## AIM OF THE TASK
Restate exactly the lines that run from the start of the records below to the line containing "La empresa RUBRUM", counting both ends, and nothing else; pictures stay out.

+++++

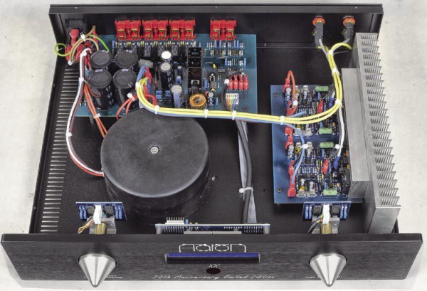 Przedwzmacniacz zmontowano na jednej płytce razem z zasilaczem. Gniazda RCA są zwykłe, lutowane do płytki, ale złocone. Wejścia są zmieniane w przekaźnikach, a wyjścia buforowane układami scalonymi NE5532.
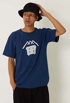 田の文字の上にある山のかんむりには、山のカタチに盛り上げたもの、物事の多くが積み重なっている事、物事の絶頂、万一の幸いを願っている事、などの意味があり、商売によって家が発展しその絶頂を極めたいという思いが込められていると言われています。インディゴ染のTシャツに抜染で表現しました。
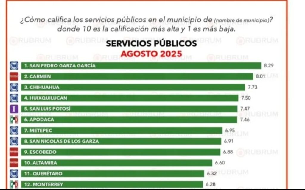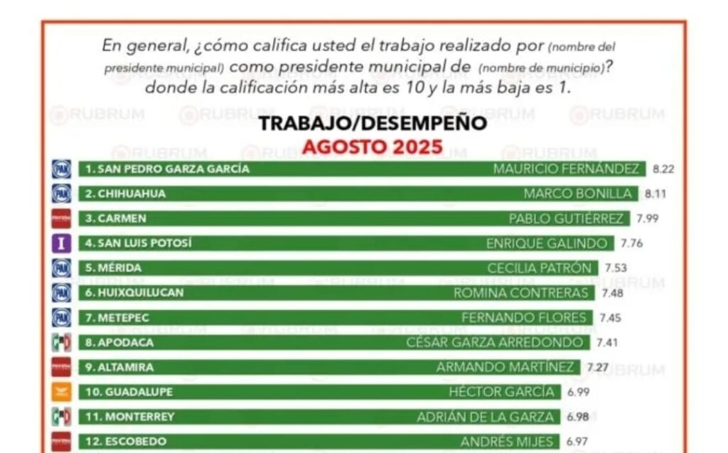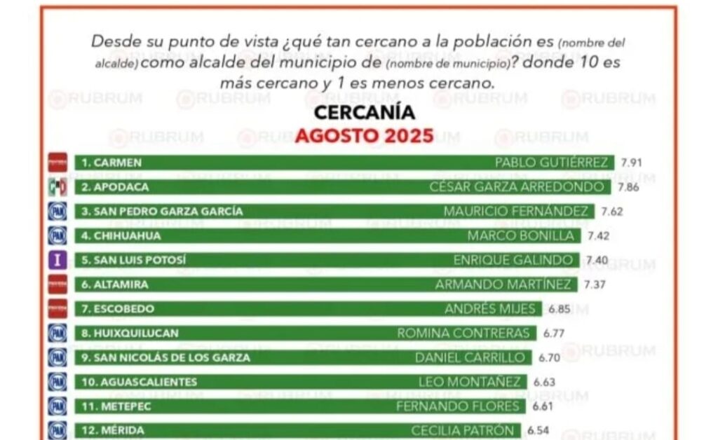 La empresa RUBRUM dio a conocer los resultados de la encuesta de Evaluación de Alcaldes correspondiente a este mes de agosto de 2025
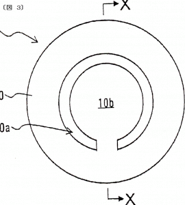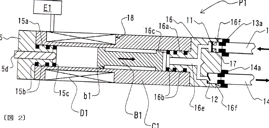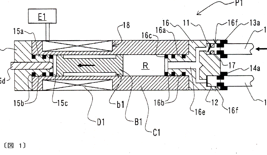 図1及び図2は、ポンプP1の断面概略複式図である。このポンプP1は、両端に磁極を有する棒状磁石からなるピストンB1と、このピストンB1が内設されるシリンダC1と、このシリンダC1に擬装したコイルD1と、このコイルD1に交流電流を通電する通電制御部を備えた電源E1とで構成しており、このポンプP1では、シリンダC1の一端に吸入側一方向弁11を介して送給配管13を連通達結するとともに、送出側一方向弁12を介して送出配管14を連通連結している。ピストンB1は円柱惨状の磁石で構成し、断面円形としたシリンダC1の内周面に沿って進退可能としている。棒状磁石でピストンB1を構成することにより、ピストンB1の一方の端部はN極、他方の端部はS極の磁極を有している。吸入側一方向弁11は、図3に示すように吸入側一方向弁装着部16fに内装可能とした円板体10で構成しており、この円板体10に円弧状のスリット10aを設けてこのスリット10aの内側部分を弁知10bとしている。
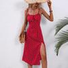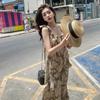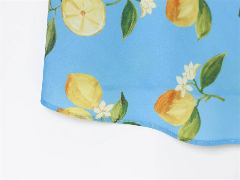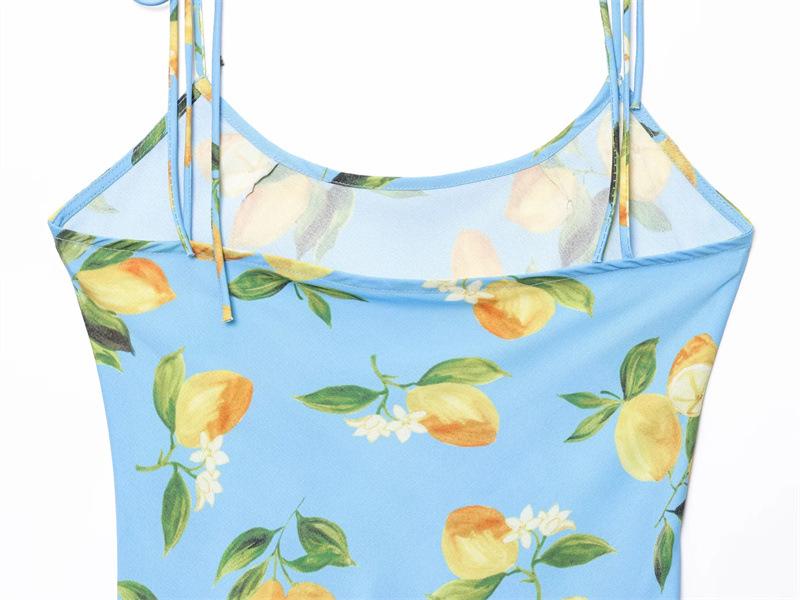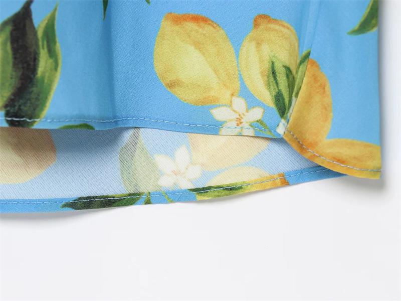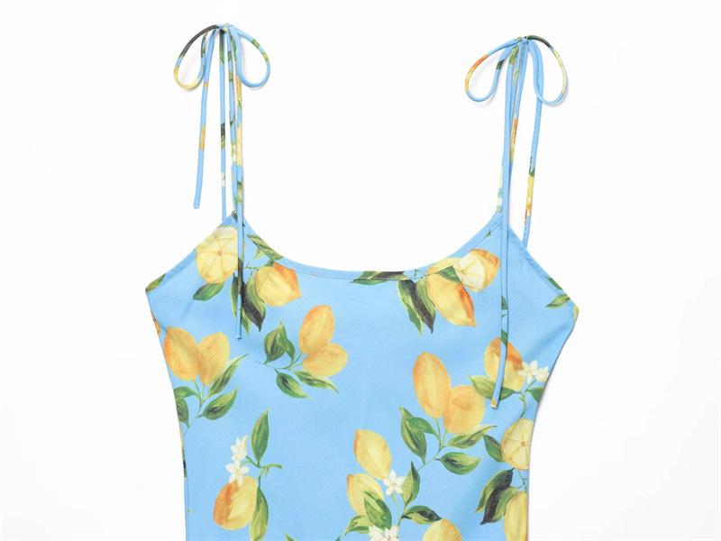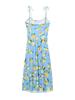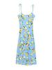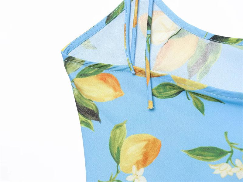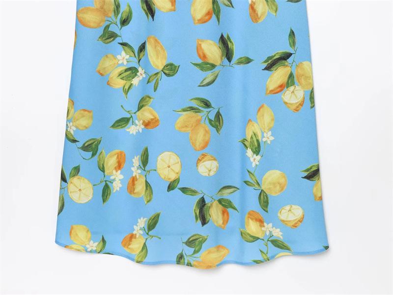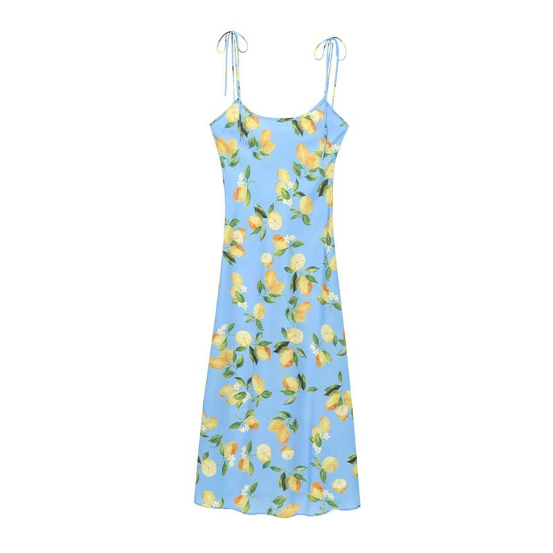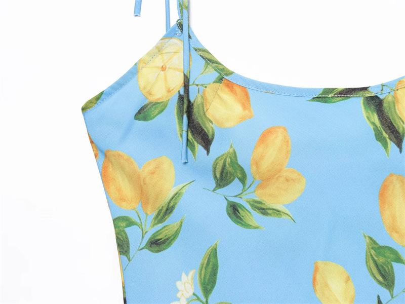 Vestido de Tirantes Estilo Europeo y Americano con Estampado de Limones para Mujer Verano Nuevo Look Adelgazante Falda Midi para Vacaciones
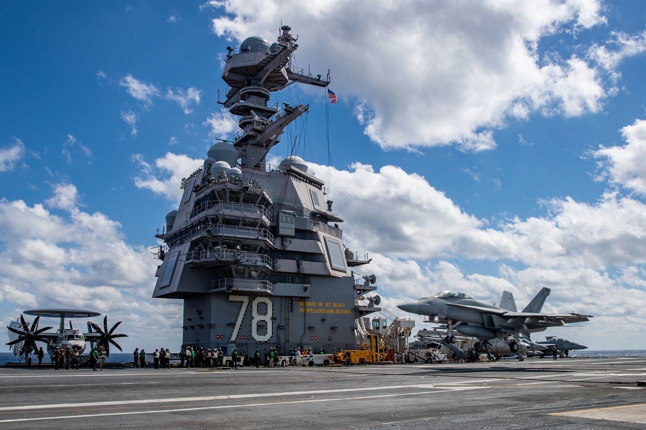 ATLANTIC OCEAN (March 14, 2023) An F/A-18F Super Hornet attached to the "Blacklions" of Strike Fighter Squadron (VFA) 213, prepares to land on the flight deck of the first-in-class aircraft carrier USS Gerald R. Ford (CVN 78), March 14, 2023. Gerald R. Ford is underway in the Atlantic Ocean executing its Composite Training Unit Exercise (COMPTUEX), an intense, multi-week exercise designed to fully integrate a carrier strike group as a cohesive, multi-mission fighting force and to test their ability to carry out sustained combat operations from the sea. As the first-in-class ship of Ford-class aircraft carriers, CVN 78 represents a generational leap in the U.S. Navy"s capacity to project power on a global scale. (U.S. Navy photo by Mass Communication Specialist 2nd Class Jennifer A. Newsome)
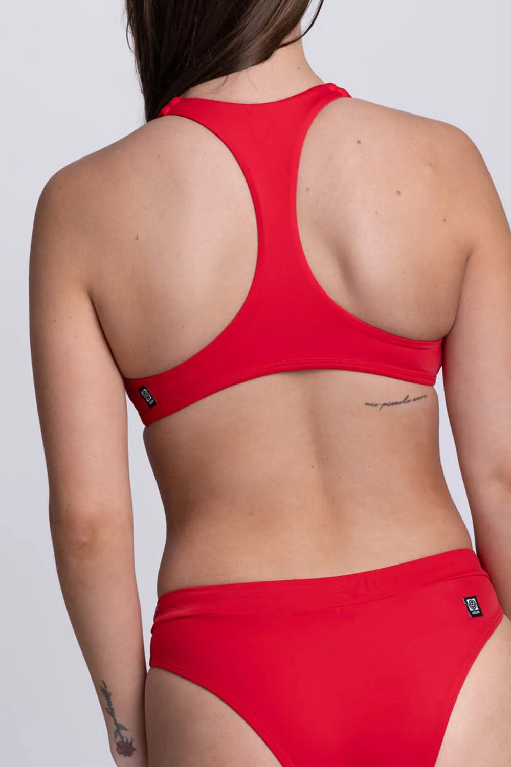 No one likes a funky tan line after an active day at the beach, so we’ve got your back with this slim racerback, deep scooped neck bikini top. For worry-free support, while you move, the Aster has 3/4" straps to keep you active. Driven by performance, the Aster has been updated to have more coverage in the front to keep you covered no matter what! Designed with our buttery soft Recycled Surf-Tec fabric, you’ll want to wear this top all summer.
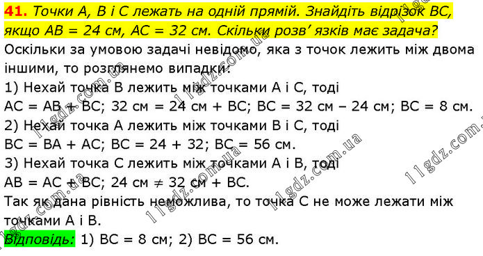 Точки А, В і C лежать на одній прямій. Знайдіть відрізок BC, якщо AB = 24 см, AC = 32 см. Скільки розв’ язків має задача? Оскільки за умовою задачі невідомо, яка з точок лежить між двома іншими, то розглянемо випадки: 1) Нехай точка В лежить між точками А і C, тоді AC = AB + BC; 32 см = 24 см + BC; BC = 32 см – 24 см; BC = 8 см. 2) Нехай точка А лежить між точками B і С, тоді BC = BA + AC; BC = 24 + 32; BC = 56 см. 3) Нехай точка C лежить між точками A i B, тоді AB = AC + BC; 24 см ≠ 32 см + BC. Так як дана рівність неможлива, то точка C не може лежати між точками А і В. Відповідь: 1) BC = 8 см; 2) BC = 56 см.
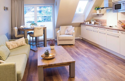 The apartment 'Fördewald' is one of four elegant and high quality equipped apartments in Strandquartier Solitüde. Each apartment takes up a different theme and its design, furnishings and equipment make a maritime reference to the immediate beach Solitüde ago.
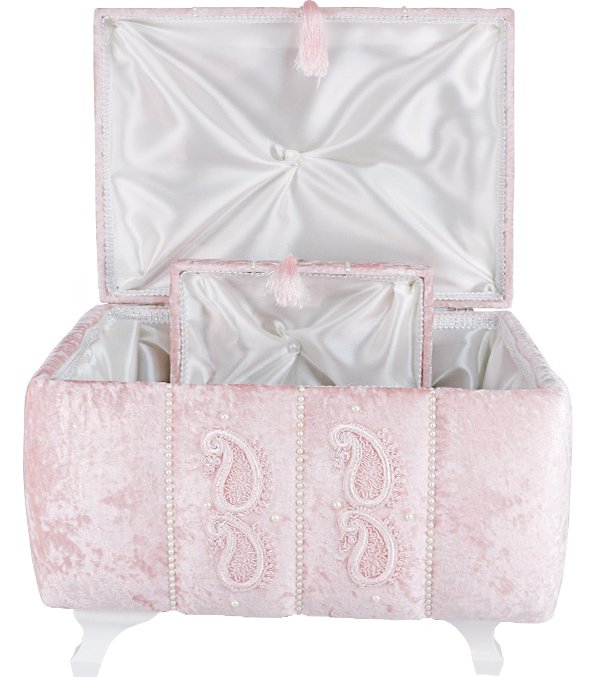 Delivery and Dimensions: 1 x Decoonaz 2-Piece Pearl Decorated Dowry Chest | Pink | SDK-0007

+++++

## RESPONSE
 Przedwzmacniacz zmontowano na jednej płytce razem z zasilaczem. Gniazda RCA są zwykłe, lutowane do płytki, ale złocone. Wejścia są zmieniane w przekaźnikach, a wyjścia buforowane układami scalonymi NE5532.
 田の文字の上にある山のかんむりには、山のカタチに盛り上げたもの、物事の多くが積み重なっている事、物事の絶頂、万一の幸いを願っている事、などの意味があり、商売によって家が発展しその絶頂を極めたいという思いが込められていると言われています。インディゴ染のTシャツに抜染で表現しました。
 La empresa RUBRUM dio a conocer los resultados de la encuesta de Evaluación de Alcaldes correspondiente a este mes de agosto de 2025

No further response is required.